I posted the first one in this PR to start the discussion on how and where these should go.

As we just discussed, three options are relevant. The first involving a blank node, as per the pattern for multiple definitions. An alternative would be creating a custom annotation property to ensure the v2.3 comments are notated explicitly. Something like:

sweet:v23comment rdf:type owl:AnnotationProperty .

with actual values being:

sohua:Horticulture rdf:type owl:Class ;
                  rdfs:subClassOf sohua:Agriculture ;
                  sweet:v23comment "Horticulture is the art and science of the cultivation of plants"@en ;
                  rdfs:label "horticulture"@en .

Another option is simply creating a separate file which one would need to load explicitly to see the 'old' comments. I would think this would be put in with the mapping files and, as v2.3 is no longer relevant, could just sit there without needing a ton of editing :)

Again, the idea behind bringing these up is mostly to use them to help automate generating a Semantic Indicator Value, or SIV if you like :), with relation to other vocabulary effots like GCMD, Wikidata, USGS Thesaurus, etc., with the idea these old rdf:comment values would be replaced with updated and properly cited values.

I'm inclined to create the mapping file as that seems to make the most sense, and should need much upkeep once we have it. It also really only entails making a valid header and import statement(s) and it's good to go.

Thoughts?
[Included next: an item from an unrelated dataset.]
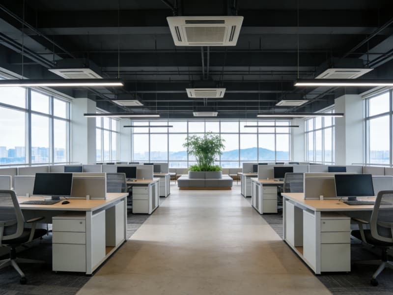 一樓大廳以“開闊通透”為基調(diào),挑高設計搭配質(zhì)感石材地面與藝術裝置,融入徽派建筑的留白意境,入口處的智能導覽系統(tǒng)提升訪客體驗。公共辦公區(qū)采用開放式布局,靈活工位與協(xié)作空間錯落分布,搭配綠植隔斷與自然采光,構建舒適高效的協(xié)作氛圍,三張不同功能的辦公區(qū)效果圖分別呈現(xiàn)獨立辦公、團隊協(xié)作與休閑洽談場景。
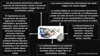 Un documento electrónico es información creada en una computadora como texto, imágenes o audio. El hipertexto permite organizar y enlazar información de diversas fuentes a través de vínculos internos, permitiendo leer el contenido de forma no lineal. La interactividad se refiere a la comunicación entre personas, máquinas y contenido, mientras que la noticia digital es un documento multimedia creado en software que puede ser leído e interactuado de manera no lineal por el usuario.

Preferences?

lewismc commented 3 years ago

This is brilliant @brandonnodnarb thank you for the detail. +1 for mapping file. What kind of work is involved in mapping from your .txt file (or CSV or ...) to the mapping file?

brandonnodnarb commented 3 years ago

@lewismc Each line should be a valid ttl statement. If I add a proper header, including namespaces and the import of sweetAll.ttl we should be able to load that singular file and import all of SWEET with these comments included.

I will investigate and post back.

brandonnodnarb commented 3 years ago

Updating this PR. I removed the horticulture example and added three files:

  1. sweet_v23Comments.ttl contains all the rdfs:comment pulled from version 2.3
  2. sweetAll_includeV23Comments.ttl is a separate sweetAll file with an additional line to load sweet_v23Comments.ttl
  3. edited catalog-v001.xml with additional line to load sweet_v23Comments.ttl

As it's currently constructed the rdfs:comment tags from v2.3 will not load if using sweetAll.ttl or any other ttl file. However, if one loads sweetAll_includeV23Comments.ttl instead of sweetAll.ttl then the comments from v2.3, which are in sweet_v23Comments.ttl, will be processed and loaded with the other files.

For convenience I also edited the catalog-v001.xml to point to the local sweet_v23Comments.ttl file as with the others.

I originally thought these could go in the mappings directory, but this also makes sense to me.

@lewismc are you able to sanity check? Thoughts?

lewismc commented 3 years ago

@ESIPFed/semtech can you guys please review?